Most carriers have either limited account volume or implemented peak season surcharges to drive behavior. If you have all your outbound shipping with a single carrier, it is encouraged to engaging with other carriers that have been knocking at your door. You might have to pay a little more for each shipment but that’s better than having orders sit on your dock. This peak season you may have to divert from your typically rate-shopping strategy to one that balances volume between carriers and ensures all orders can be shipped in a timely manner.

3) Ship early and often

The later in 2020, the greater the impact will be on transit days. This year will be like no other and it is very likely orders placed mid-December will not arrive before the holidays (unless shipped with shipped priority service).

This is not the year to try and level set volume as delayed deliveries will result in more order cancellations and returns. Get your revenue as early as possible and let your customers know why it’s important to forego the procrastination approach.

4) Re-evaluate Free Shipping offers

Everyone loves, wants, maybe even demands free shipping but that doesn’t mean you need to lose profitability. Look at your current offering and compare it to your order history data to see where adjustments can be made. Most companies offering free shipping have purchasing thresholds, e.g. free ship on $50 or more. Where some of these companies actually reduce prices on a select number of fast-moving SKUs to encourage multiple line item orders to hit free shipping, allowing for larger cart value & higher-order net income.
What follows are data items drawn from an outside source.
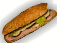
Bavorská bageta 320g
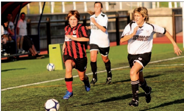
lurretakok sailkapenaren erdian dago, eroso. K.A.

Bihar derbia jokatuko dute, Arripausuetan
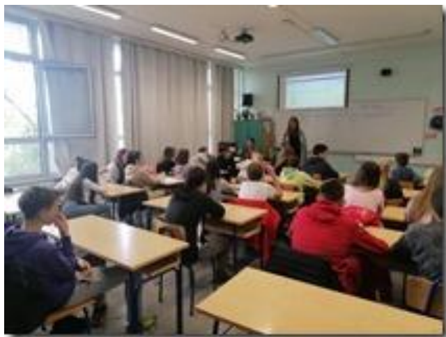
Slika 1. Radionica

Učenici u raspravi ističu pozitivne strane računalnog programa ChatGPT : besplatan je, dostupan svima, ima sposobnost vrlo dobre imitacije ljudskog sugovornika, uspješno prevodi te generira tekst u obliku eseja, pisma, pjesama i sličnoga.
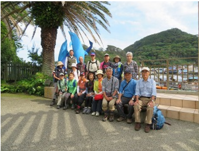
第 11 回 2019/05/22 須崎～海中水族館
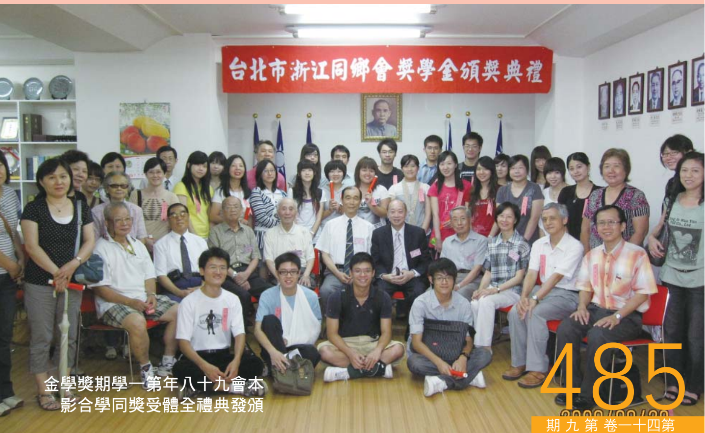
金學獎期學一第年八十九會本 影合學同獎受體全禮典發頒
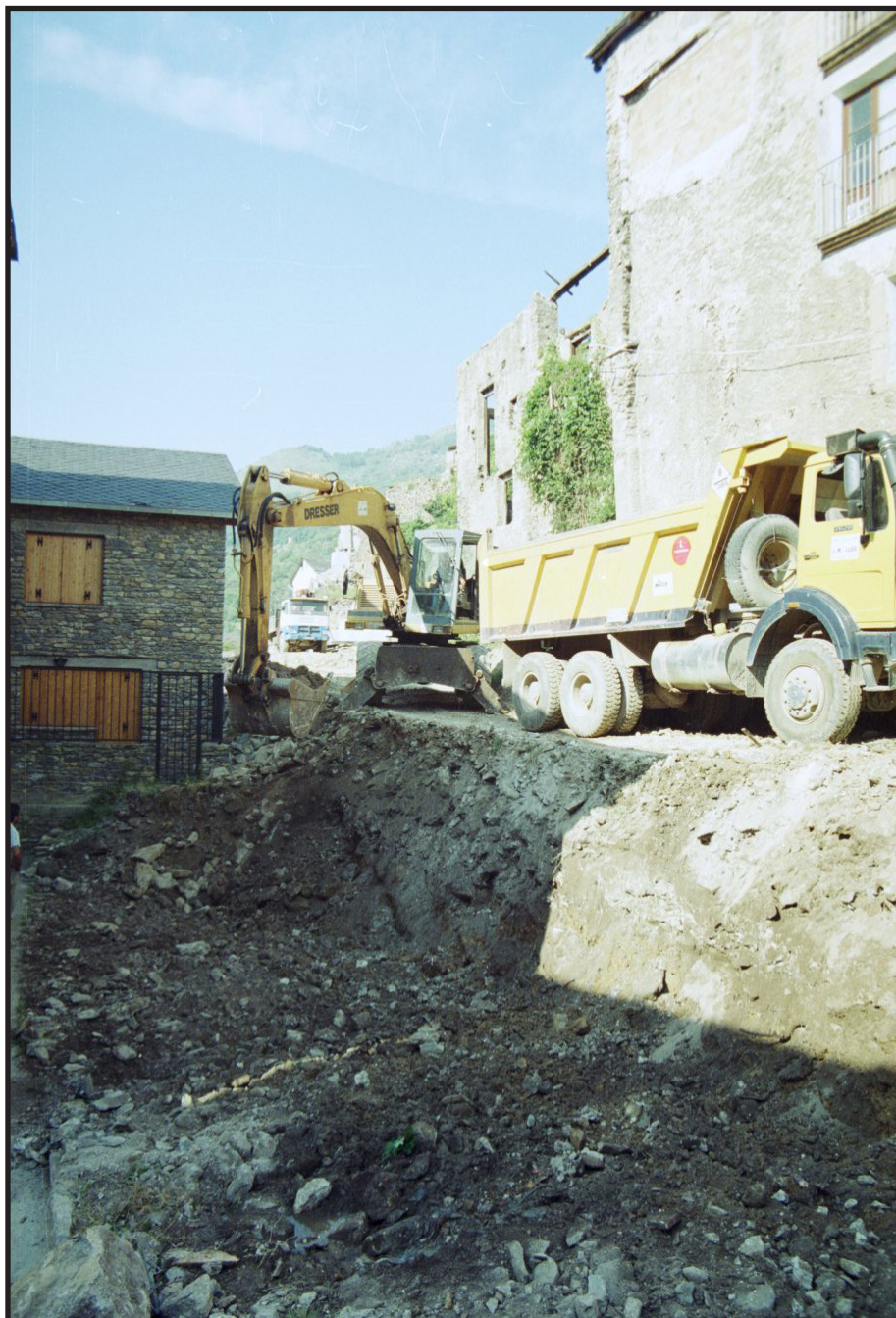
Arxiu Comarcal del Pallars Sobirà 1997

documentació pot ser requerida en el marc de procediments de verificació o auditoria posterior.
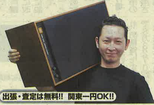
出張・査定は無料!! 関東一円OK!!

創業90年「高久織物」は、テレビでも紹介された伝統工芸「手描き江戸友禅」の高級衣服製造所。今回、正絹高級手描き本振袖、訪問着、黒・色留袖、小紋、袖の表地を各6名、合計30名様に抽選でプレゼント。 【応募先】高久(たかきゆう)織物「毎日」係 〒116-0002 東京都荒川区荒川3-61-4 TEL.03-3690-7820
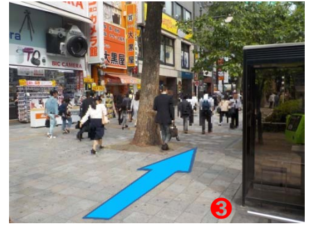
③ 出口を出ましたらそのまま道なりにお進みください。
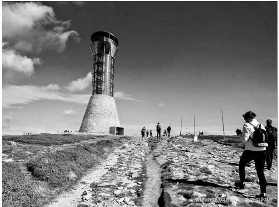
Takto by podle vizualizace měla rozhledna na Sněžníku vypadat.
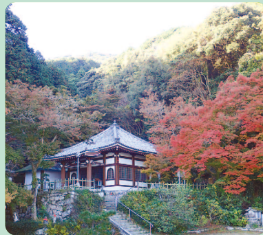
観音堂周辺の木立

石畳を上る。秋から冬にかけ野草の花や実が境内を彩る。新羅式石門をくぐると上り口から数分で観音堂に着く。まわりには油山十八景の起源となった、十八羅漢石像が点在する。近くの観月楼展望台から、福岡市街と周辺の島や連山が一望できる。晩秋訪れると境内の力エデなどの紅葉がきれいだ。 場所 福岡市城南区東油山 アクセス 油山観音から800m 程先に片江展望台がある。
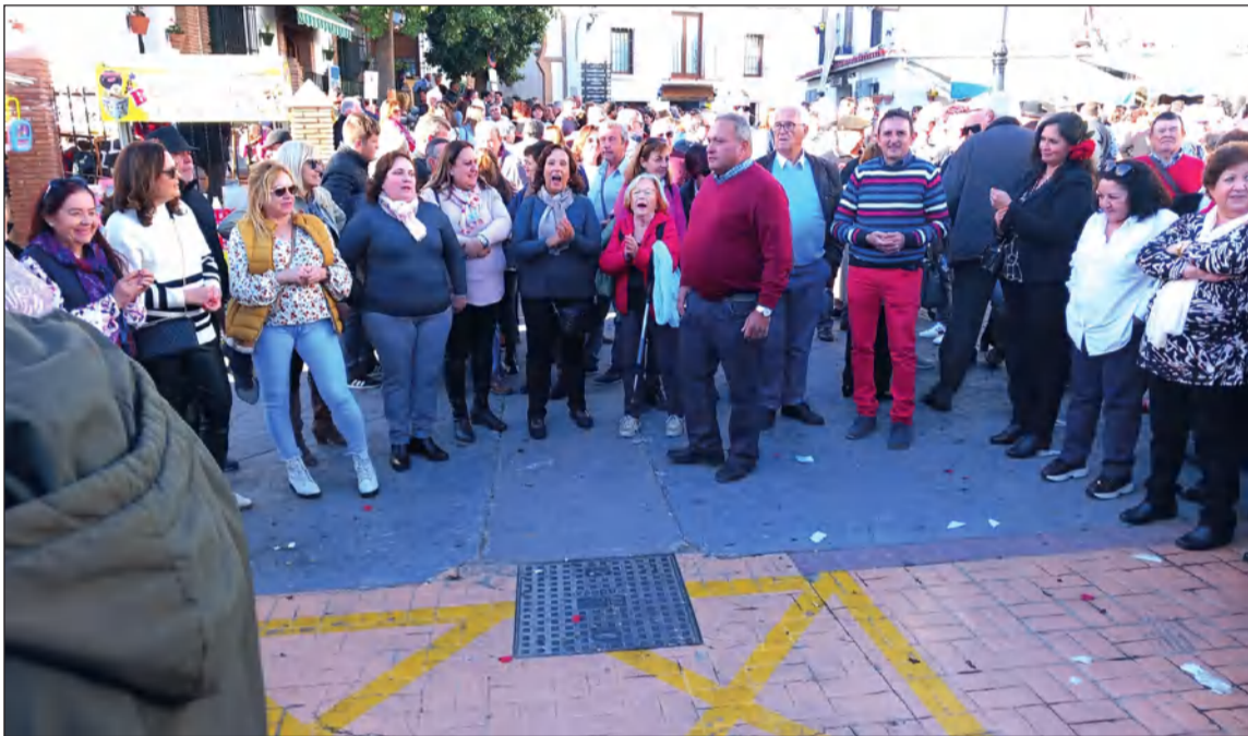
Socios de la Peña Perchelera en Comares.

ciente a la Federación Malagueña de Peñas se destaca el magnífico día que pasaron el pasado 14 de enero, agradeciendo al pueblo de Comares y a su alcalde la hospitalidad recibida.
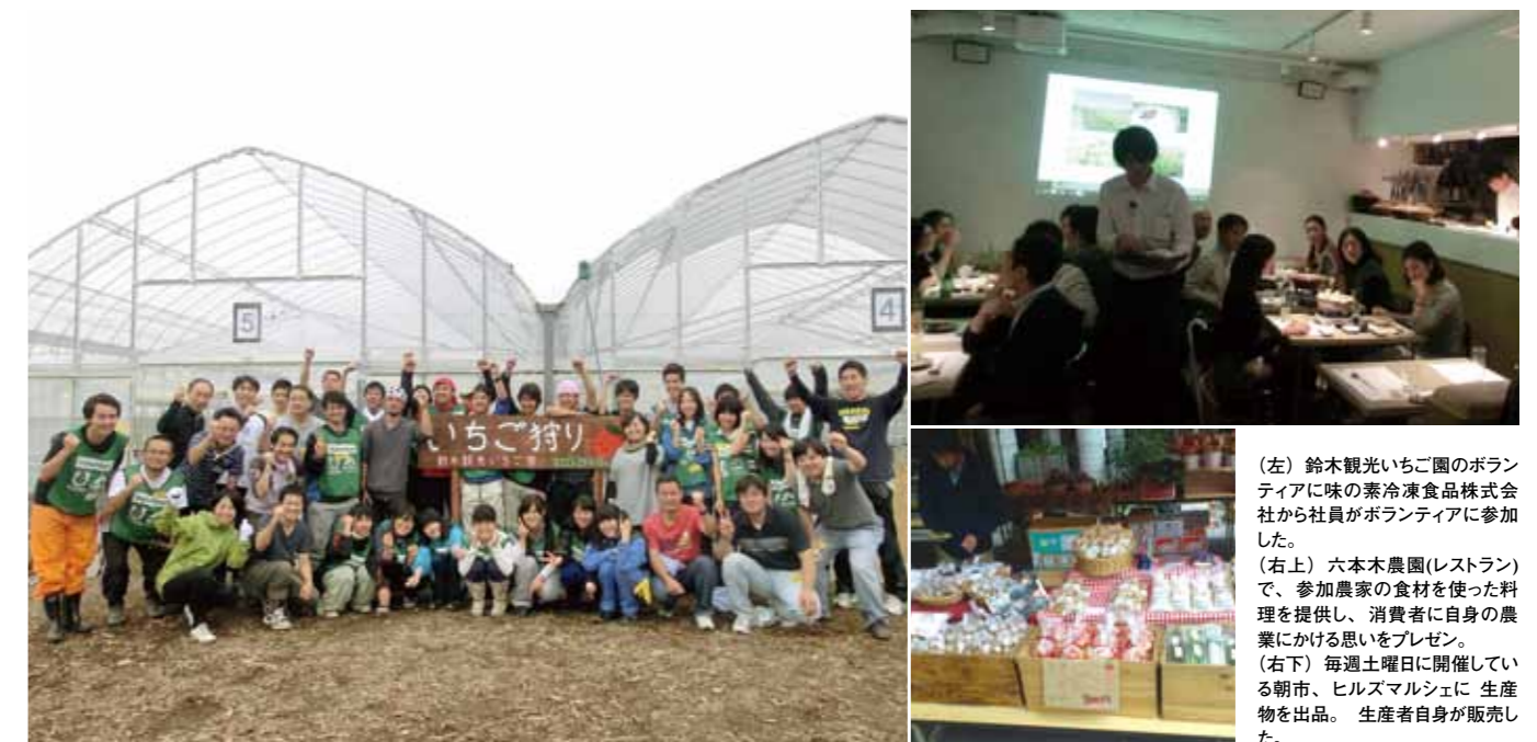
(左) 鈴木観光いちご園のボランティアに味の素冷凍食品株式会社から社員がボランティアに参加した。 (右上) 六本木農園(レストラン)で、参加農家の食材を使った料理を提供し、消費者に自身の農業にかける思いをプレゼン。 (右下) 毎週土曜日に開催している朝市、ヒルズマルシェに生産物を出品。生産者自身が販売した。

震災でダメージを受けた農家が、農業を再開するという観点では、一刻も早い設備復旧は大切だ。しかし、「一過性で終わらせない」長期的な視野に立った支援こそが農業には必要とされている。今回の一連の支援では、農家自身を「生産者から経営者に育てる」ことを重要視した。具体的には、良き生産者であることに加えて「販売・販促・組織作り・財務」の4要素を身につけるといふもの。今回の一連の「3R-Step」で、農家が経営者として震災前より売上を伸ばしていけることを強く意識し、支援を行った。
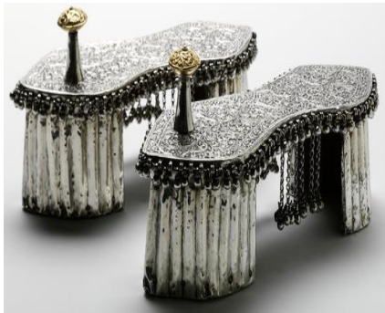
(لوحة ١٧) بادوكا إحتفالية مكفتة بصفاتح من الفضة تنسب إلي الهند، على الأرجح راجستان، أو زنجبار، من القرن ١٢ هـ-١٣ هـ / إلى ١٨م-١٩م) محفوظ في متحف (Michael Backman Ltd).

https://www.michaelbackmanltd.com/object/ceremonial-gold-silver-paduka-sandals/
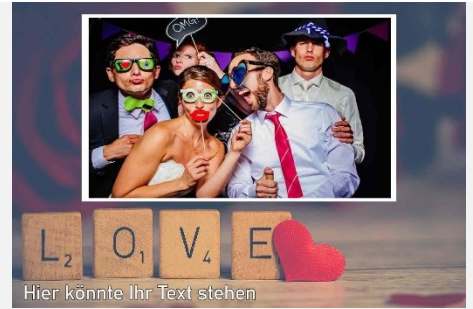
Liebe / Hochzeit 12
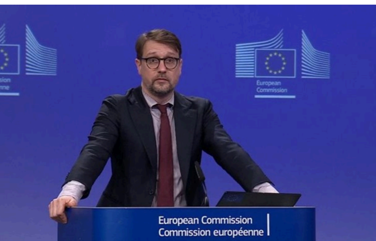
Маркус Ламмертер не надав подробиць

Міністри внутрішніх справ країн Євросоюзу у четвер обговорять варіанти дій щодо українців призовного віку.
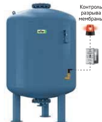
Контроль разрыва мембраны
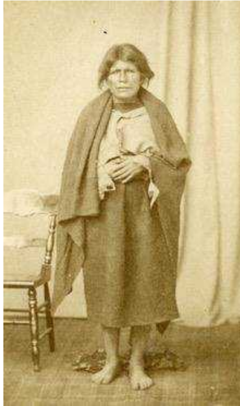
Figura 8 – 1: Retrato de Manuela León, líder indígena en 1872.
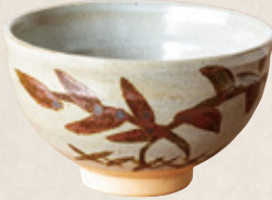
K-260 〈美濃焼抹茶碗〉 唐津茶碗 (12cm×7cm) 1,900円(税抜)
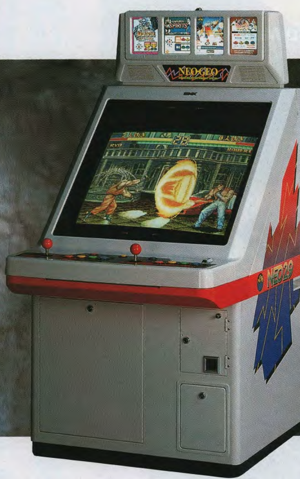
NEO29 MULTI VIDEO SYSTEM 4SLOT TYPE

●先進デザイン&ネオジオ仕様。 超人気のネオジオゲームと先進のデザインがロケーションを強化し高収益を実現。扱いやすく、耐久力・安定性をさらに抜群のネオジオ専用4本用筐体です。
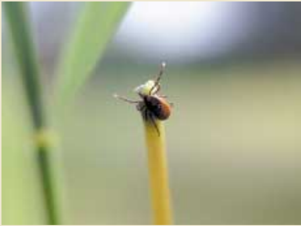
Figur 3. En voksen hunnflått på toppen av et strå på jakt etter et varmblodig individ som den kan sugd blod av. Flåtten er avhengig av blod for å kunne utvikle seg til de ulike stadiene og for at eggene skal modnes. Voksen flått som ikke har sugd blod er 2-3 mm stor, mens hos fullsugd flått er gjerne størrelsen økt til 10 mm. Flåtten kan ikke drikke, eventuell fuktighet får den inn gjennom porer i huden. Den er derfor utsatt for uttørring i tørt vær.

Uheldigvis er det mange (cirka 50 prosent), som ikke utvikler dette typiske utslettet. Ukarakteristiske utslett kan oppstå og føre til problemer med å diagnostisere sykdommen, eller det kan være forsinket utvikling av utslettet fra det normale (2 - 30 dager) til 100 dager etter bitt med smitte av B. afzelii (10). Dette kan da føre til at sykdommen behandles i en sen fase eller ikke i det hele tatt, og dermed fører til kronisk infeksjon. Oftest er det hud, muskler, skjelett, sentrale og perifere nerver, hjerne, hjerte og ledd som affiseres, men det kardiovaskulære system, nyrer, lever, bronkier, lunger, lymfatiske system, øyne, genitalia og mage/tarm affiseres også. Dessuten kan alle vev og organer infiseres, da bakterien raskt kan dissemilere til fjerntliggende steder (6,11).
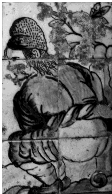
Figura 5. Autor desconhecido (Séc. XVII). Painel de azulejos, cerca de 30 x 20 cm. Palácio de Fronteira, Monsanto, Portugal.
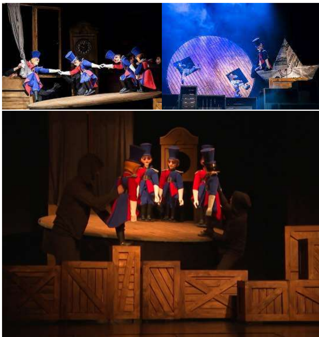
Slika s premijere 4. 11. 2021. godine, „Olovni Vojnik“, JU Pozorište mladih Sarajevo
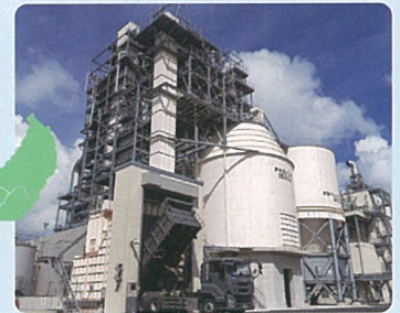
中城バイオマス発電所 【再生可能エネルギー:FIT電源】 沖縄うるまニューエナジー株式会社

※2: 1世帯当り 247.8kWh/月(平成27年度)で算出。出典:電気事業連合会「電力事情について」
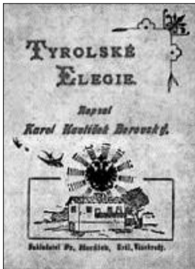
Tyrolské elegie napsané ve vyhnanství v Briksenu

5) Reset customer expectations

Even an eCommerce giant with billions of dollars invested in supply chain infrastructure has come up short with delivering on their fulfillment commitments this year. Be sure your advertised order commitment is realistic.

As the old adage goes, it’s better to under-promise and over-deliver. Be upfront with your customers and let them know the 2020 realities so they can plan accordingly. Once an order is placed and the “post-click” journey begins, over-communicate order status and if it looks like a delay is inevitable, get ahead of the situation, and see what you can do to proactively provide solutions. An honest, upfront, clearly communicated approach is always appreciated and more often than not will increase your customer’s brand loyalty in the long run.